Carrie Frederick Frost has an insightful essay at First Things (from which I took the above quotation) about Kristin and motherhood and faith. I will never be a mother, but I am a son and a father, and I appreciate Frost's summary of the insight that Kristin gains from motherhood:

“It is through reflection on her own experience of motherhood that Kristin is able to understand her parents’ love for her. After a decade of motherhood she considers the character of her parents’ love: That love had been strong and wide and unfathomably deep; while the love she gave them in return was weak and thoughtless and selfish, even back in childhood when her parents were her whole world. Kristin realizes that even though she loved her parents, her love for them did not approach the love they had for her, and that she now feels this same ‘strong and wide’ love for her own children. Through her maternal meditation, Kristin understands that she belongs to a lineage of love linking her children, herself, her parents, and all of humanity back to God‘s unfathomably deep, parental love."

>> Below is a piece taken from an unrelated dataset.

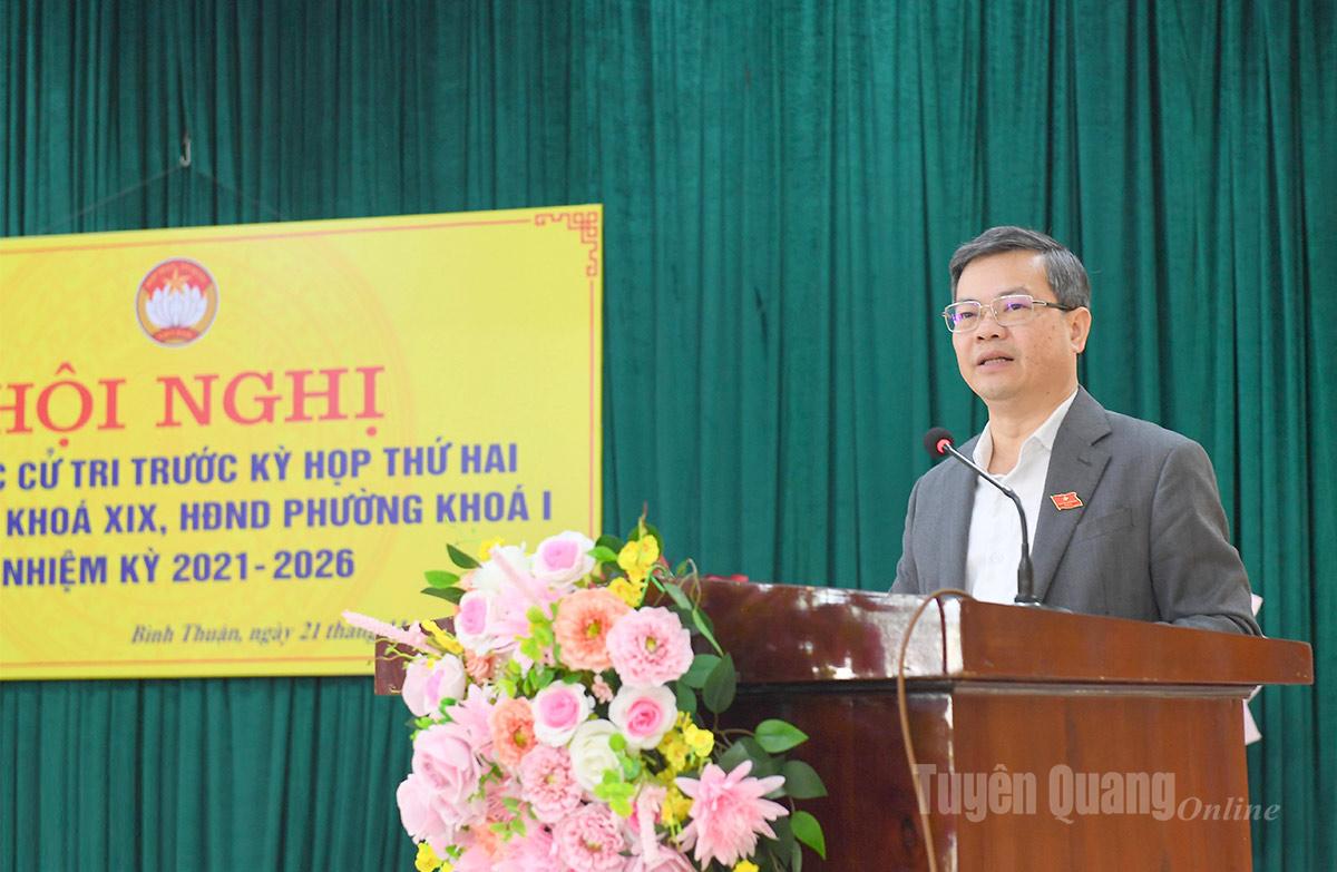 Phát biểu tại hội nghị, Chủ tịch HĐND tỉnh Nguyễn Văn Sơn đã ghi nhận, đánh giá cao sự nỗ lực của cấp ủy, chính quyền và toàn thể cử tri, Nhân dân trên địa bàn phường Bình Thuận ngay sau hợp nhất, sắp xếp đã đoàn kết, đồng lòng thực hiệu quả các mục tiêu đề ra, bộ máy mới của phường ngày càng hoạt động ổn định. Đồng chí đề nghị trong thời gian tới, Đảng ủy, HĐND, UBND phường tiếp tục quan tâm chỉ đạo triển khai thực hiện hiệu quả các mục tiêu về phát triển kinh tế - xã hội và bảo đảm quốc phòng, an ninh trên địa bàn, xây dựng phường có bước phát triển nhanh và bền vững.

Kristin Lavransdatter is not just about motherhood, though: like other great epic novels (e.g.War and Peace or Island of the World) it is about all of life: marriage, adultery, hatred, war, forgiveness, and the grace of God. I love this novel. ★★★★★

Creativity, Inc.: Overcoming the Unseen Forces That Stand in the Way of True Inspiration, by Ed Catmull and Amy Wallace

I had an insight last year: my job (or at least the most public aspect of it) is essentially creative. Every single Sunday, 47 weeks a year, I am personally and alone responsible for a 30 minute presentation that is supposed to faithfully convey Christian doctrine, bring the Bible to life, appeal to outsiders and skeptics, nourish the faithful, and, if possible, be both humorous and poignant. And then do it again in 7 days. How is it possible to make that kind of creativity and excellence routine? Ed Catmull is a computer genius in his own right, but he is also a business genius, and as a co-founder and president of Pixar he has been obsessed with creating a culture of creativity since 1986. Creativity Inc. is Mr. Catmull's attempt to put what he has learned down on paper. The result is a business book unlike most business books, and I found myself underlining sentence after sentence as I read. ★★★★

The Hunger Games, by Suzanne Collins

The Hunger Games, Suzanne Collins's dystopian young adult novel, surprised me: it was much better than I expected it to be, and I still find myself thinking about it frequently, months later. The basic story line--how a ruthless elite amuses themselves to death while exploiting the general population in order to maintain their wealth and comfort--strikes me as chillingly similar to life in modern America: we live in The Capital. I think Katniss Everdeen is a totally believable heroine, and I am impressed with Ms. Collins's creativity and vision. ★★★


My 2016 Reading Goal

Once again, I've set myself a goal of reading 50 books this year. What about you--do you have a reading goal for the year? [Here are my 2013 and 2014 reading lists, respectively.]